HM Chief Inspector of Constabulary
- In office 1972–1975
- Preceded by: Sir John McKay
- Succeeded by: Sir James Haughton

Deputy Commissioner of Police of the Metropolis
- In office 1 April 1972 – 3 December 1972
- Preceded by: Robert Mark
- Succeeded by: James Starritt

Personal details
- Born: 25 March 1914 Plymouth, Devon, England
- Died: 6 May 2004 (aged 90)
- Occupation: Police Officer
- Allegiance: United Kingdom
- Branch: Royal Air Force
- Service years: 1942-1945
- Rank: Flying Officer
- Service number: 162372
- Awards: Distinguished Flying Cross

= John Hill (police officer) =

British police officer (1914–2004)

Sir John Maxwell Hill (25 March 1914 – 6 May 2004) was a British police officer.

==Early life==
Hill was born in Plymouth, the son of a civil servant. He was educated at Plymouth College and joined the Metropolitan Police as a constable in 1933. In 1938 he was selected for Hendon Police College and passed out the following year.

==War years==
During the Second World War, Hill served in the Royal Air Force Volunteer Reserve. Enlisting in 1942, he was commissioned (from the rank of leading aircraftman) as a pilot officer in February 1944. In August 1944, he was promoted flying officer. In September 1945, while serving with 622 Squadron, he was awarded the Distinguished Flying Cross (DFC).

==Post-war career==
Hill returned to the Metropolitan Police after the war at the rank of inspector. He was later promoted deputy commander at Scotland Yard in 1959. In 1963, he was promoted commander and appointed second-in-command of No.3 District (North-East London). In 1964, he transferred to No.1 District (North-West London) and in 1965 he was appointed one of HM Inspectors of Constabulary.
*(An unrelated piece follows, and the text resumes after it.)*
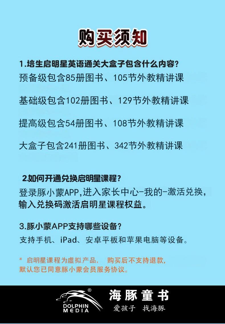 启明星课程为虚拟产品,兑换码发码时间为下单后24小时内发送至下单手机号上,需下载豚小蒙APP后,凭手机号收到的兑换码在APP中兑换,请注意查收短信并及时兑换。

He returned to the Metropolitan Police as Assistant Commissioner "A" (Operations and Administration) in October 1966. In 1968 he became Assistant Commissioner "D" (Personnel and Training), and on 1 April 1972 he was appointed Deputy Commissioner of Police of the Metropolis. He was appointed Commander of the Order of the British Empire (CBE) in 1969.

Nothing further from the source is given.